For me, the use case is as follows:

I've written an areaDetector IOC that can read previously collected datasets either from an HDF file directly or via tiled endpoint. Once the data read back, it behaves like any other areaDetector, just with the catch that when it reaches the end of the dataset it either stops, or loops back to the front.

The main use case for this is to be able to run existing scans (or something very close to them) w/ real data, so that we can develop real-time analysis/processing software without requiring beamtime. Recently, I've upgraded this model to be able to also simulate hardware trigger support. This works by creating a CA link to a binary signal that is responsible for simulating the TTL signal. The playback IOC is smart enough to be able to be programmed to use either rising/falling edge, gated exposure, or gated acquisition. I have tested this with a simple CLOCK PV that just switches between 1 and 0 every 0.01 seconds, which produces a 50 Hz signal, and the playback runs at 50 Hz without issue.

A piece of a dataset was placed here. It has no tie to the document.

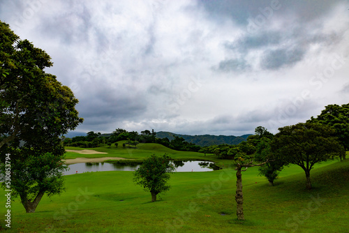 Naklejka premium 南国風リゾートの美しいゴルフ場・ゴルフコースで怪しい空模様と雷雲(千葉県富津市)
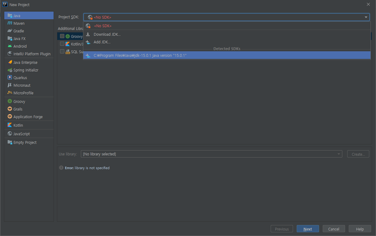 상단에 Project SDK 를 눌러 보면 자동으로 JDK 를 감지하는 것을 볼 수 있다. 만약에 감지되지 않는다면, Add JDK.. 을 통해 직접 경로를 설정해 주면 될 것이다.

What I am trying to do here, is basically have a setup so that we can run full panda based flyscan tests in the lab without access to the actual detector. There are plenty of PandA devices available, but it's a bit harder to have a Pilatus 2M available (and even harder to get it real x-ray data we can use for analysis). We do a lot of workflow/processing steps that happen on stop documents for example, and it'd be really nice to re-create the whole setup in the lab. I actually have this working fine now, with the catch that I get ~5 Hz as you said.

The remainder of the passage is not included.